Süleyman, esenlik kurbanı olarak RAB'be yirmi iki bin sığır, yüz yirmi bin davar kurban etti. Böylece kral ve bütün İsrail halkı, RAB'bin Tapınağı'nı adama işini tamamlamış oldu.
64 Ten zelfden dage heiligde de koning het middelste des voorhofs, dat voor het huis des HEEREN was, omdat hij aldaar het brandoffer en het spijsoffer bereid had, mitsgaders het vet der dankofferen; want het koperen altaar, dat voor het aangezicht des HEEREN was, was te klein, om de brandofferen, en de spijsofferen, en het vet der dankofferen te vatten.
Aynı gün kral, tapınağın önündeki avlunun orta kısmını da kutsadı. Yakmalık sunuları, tahıl sunularını ve esenlik sunularının yağlarını orada sundu. Çünkü RAB'bin önündeki tunç sunak yakmalık sunuları, tahıl sunularını ve esenlik sunularının yağlarını alamayacak kadar küçüktü.
65 Terzelfder tijd ook hield Salomo het feest, en gans Israel met hem, een grote gemeente, van den ingang af van Hamath tot de rivier van Egypte, voor het aangezicht des HEEREN, onzes Gods, zeven dagen en zeven dagen, zijnde veertien dagen.
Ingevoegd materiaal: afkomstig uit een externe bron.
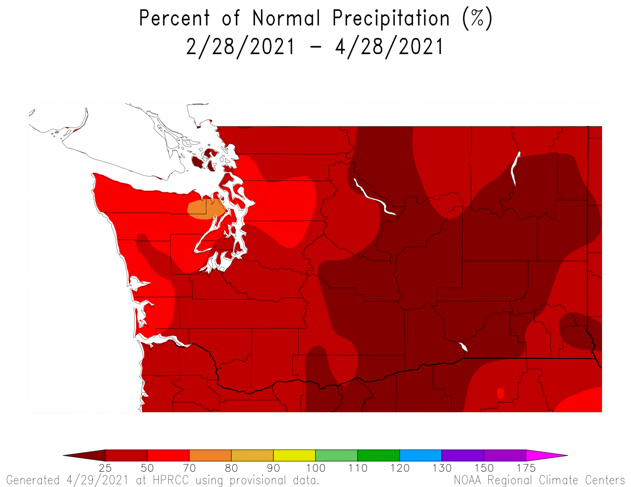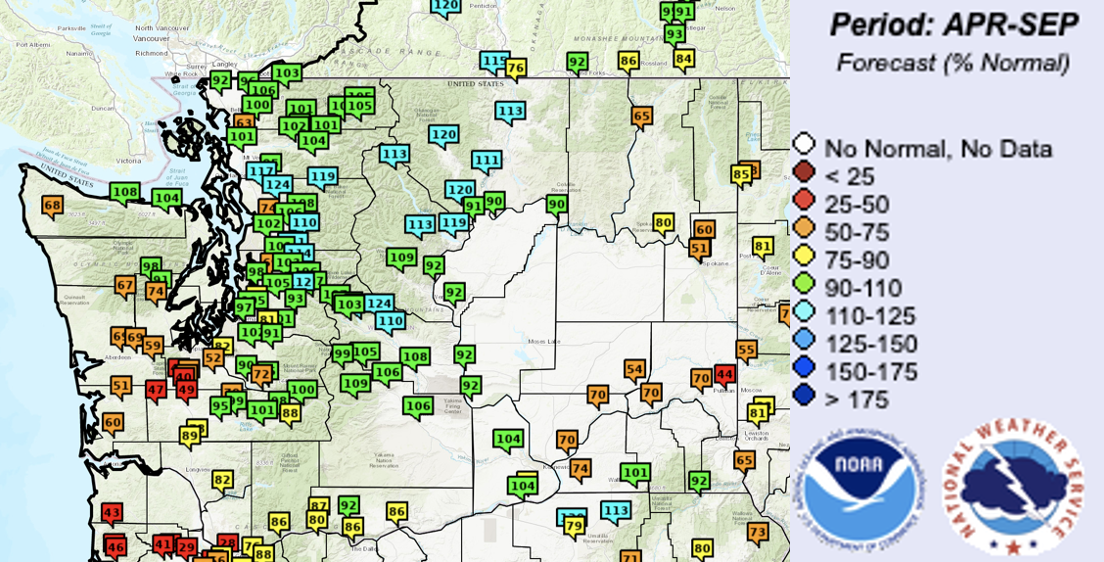 The cooler and wetter pattern that began in February brought huge gains in snowpack in the mountains. By April 1 (Figure 5), snowpack was above normal (119-152% of normal) throughout the Cascade and Olympic Mountains. However, the picture isn’t all completely rosy. March and April were exceptionally dry; March ranked as the 11th driest on record and the two months combined (Figure 6) only received between 5 and 50% of normal precipitation for a majority of the state. March and April are still relatively wet months climatologically, and the precipitation deficits range between 3 and 12” of precipitation for the two months combined. In addition, a warm spell in mid-April caused a period of pronounced melting of our mountain snow around the state. Temperatures in the coming weeks will dictate whether we see early meltout, or whether cooler temperatures cause a more typical meltout curve through May and June. The Apr-Sept streamflow natural forecast as of April 29 indicates below normal streamflow in southwest and southeast WA (Figure 7). Low forecasts that range between 40 and 49% of normal streamflow are shown for the South Fork of the Palouse at Pullman, as well as the Newaukum near Chehalis, and the Chehalis near Centralia, Grand Mound, and Doty. The rivers on the coast and in southwest and southeast WA that have below normal forecasts are primarily rainfed, and are responding to the recent drier than normal weather. The snowmelt driven rivers throughout the Cascades and Olympics have normal to above normal Apr-Sept streamflow predicted.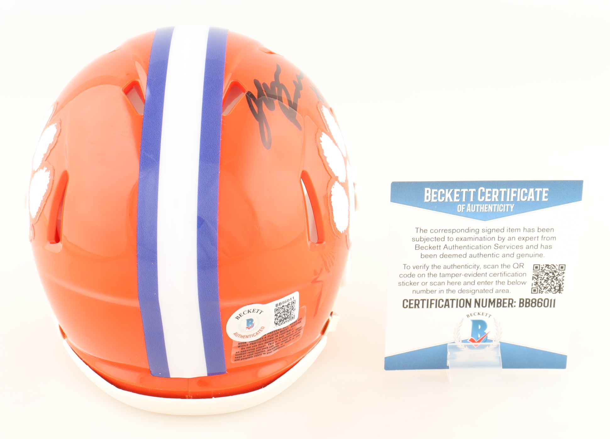 Riddell Clemson Tigers Speed mini helmet. Hand-signed and inscribed by Justyn Ross.

Süleyman, Levo-Hamat'tan Mısır Vadisi'ne kadar her yerden gelen İsrailliler'in oluşturduğu büyük toplulukla birlikte Tanrımız RAB'bin önünde art arda yedişer gün, toplam on dört gün bayram yaptı.
66 Op den achtsten dag liet hij het volk gaan, en zij zegenden den koning; daarna gingen zij naar hun tenten, blijde en goedsmoeds over al het goede, dat de HEERE aan David, Zijn knecht, en aan Israel, Zijn volk, gedaan had.
Kral sekizinci gün halkı evlerine gönderdi. Onlar da kralı kutsayıp RAB'bin, kulu Davut ve halkı İsrail için yapmış olduğu bütün iyiliklerden dolayı sevinç duyarak mutluluk içinde evlerine döndüler.